Black and White. Good and Evil. Ying and Yang. There is always some type of duality to everything, because humans usually put it there to distinguish even the most obvious shades of gray. We can say something is good or evil, and leave it at that because those words alone mean enough to make a judgment. A lot of journalists use them as well, and it is certainly a theme in video games, such as Fable, Knights of the Old Republic, and Bioshock.
Now Soul Calibur IV, the latest installment of one of the most critically acclaimed fighting games out there, takes this to a new level, and not in a direction we would typically hope for. A game that is good enough to be above most, but bad enough to be inferior to it’s successors, nestles it into that shade of gray.
Essentially, what we have in Soul Calibur IV is more of the same, with a new wrapper and a few new features. The character combo system is still the crux of game, and as complicated as it is, it is deep and engaging enough for people to try and master the various styles of combat that each character in the game represents. As deep as it is though, the training mode here is seriously lackluster, letting the players experiment mostly instead of teaching them some of the harder, yet more important moves, like the guard impact or the attack grapple systems. A lot of what the players will do fall under trial and error, and for newcomers to the series, that could be a turnoff.
Another problem is the characters themselves have not changed since Soul Calibur II. We have only two new additions, Hilde and the final boss, and everyone else since II and III make an appearance, but are just cosmetically different. So if you’re a veteran of the other games, but still have trouble executing the moves right, it will be the same song, different verse. The characters still move slow, the combo system is still not as fluid as it should be, and it is sometimes just better to button mash then to try and execute precision moves.

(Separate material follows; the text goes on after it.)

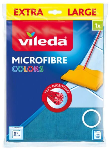 A Vileda Colors mikroszálas kendő egy extra nagy méretű, 48,5 x 60 cm-es kendő. Ezért alkalmas padlótisztításra, és nagyon kíméletes a padlófelülethez. A mikroszálak nagyon puhák és kíméletesek a felülethez, miközben könnyedén eltávolítják még a legkeményebb szennyeződéseket is. Könnyen letörölhető, nem karcol és nem hagy csíkokat. A kendő nem igényli vegyszerek használatát, a mikroszálak pedig a baktériumok több mint 99%-át eltávolítják a felületről csupán vízzel. Jellemzők:

And this time around, the guest characters are horrible. Now, back in II it was a fun idea because you can see Heihachi, Spawn and Link in these games with reason, and at the very least, they were balanced with the game. For the 360, Yoda is essentially broken; requiring a lot of patience to use because he has weak hopping techniques and charge moves, and the Apprentice is overpowered. He is faster than everyone else in the game, and can wipe the floor with some of the larger characters easily, like Rock and Astaroth. The other guest characters, five vixens from the world of anime, are also slightly off balanced, but at the very least they look like they fit in the game in some form. I always hated the idea of Star Wars in the 16th century, and no explanation will suffice for me.
The games single player modes are also criminally short. Arcade and Story mode are fixed battles between one or more opponents, last ten minutes at best, and offer no true challenge what so ever. The new Tower of the Souls player mode is a step up from the Chronicles of the Sword, and actually rewards players for learning combos and executing specific battle conditions with items for the character creation system. But it is essentially the same thing as the Story mode, only longer and can be done at your own pace.
Character creation, one of the things I loved about Soul Calibur III, is back but like everything else, has been changed for both good and bad. Here, instead of custom weapon sets, an idea that I liked a lot, you can only create characters with the sets of the current roster, meaning your characters are essentially different skins of the main cast. The only difference is you can tweak their stats based on what you put on them, because now every piece of costume in character creation has stats tacked onto it that can increase or decrease health, attack power, defense, and other special powers like blocking a ring out, invisibility or automatic countering. This is a good idea in theory, but it also means some costume parts will never be used, and there is likely one maxed out set of armor that every player under the sun will use to make their character god-like.
One thing that is new and long awaited is online multi-player, which will pit you, and any fighter in the game against opponents over X-box live. I think the online needs to be tweaked, because I tried for two hours to fight other players, and like almost everything else, there is no explanation on how it works. However, the fact that you can fight custom characters online greatly expands the Soul Calibur experience, and is easily the most enjoyable part of the game so far.
Graphically the game has never looked better. The level of detail is astounding, and the effects of fighting, which now include the erosion of armor as it breaks away adds another element of realism to the game. As for the sound, well they finally added Japanese dubs; so listening to the horrible voice acting is now an option.
So, all in all, Soul Calibur IV is essentially what Soul Calibur III and II were, a game that embodies the shade of gray. Unlike the dichotomy of good and evil that the games theme is all about, Namco took the middle route and created a game that, while is a cut above the rest in most aspects, has failed to change much over the past five years. The game is barely worth a buy, just barely if you can shell out the cash for it, but the series is now at a crossroads where changes need to come in, or else it will venture from that gray area and rapidly fall into darkness.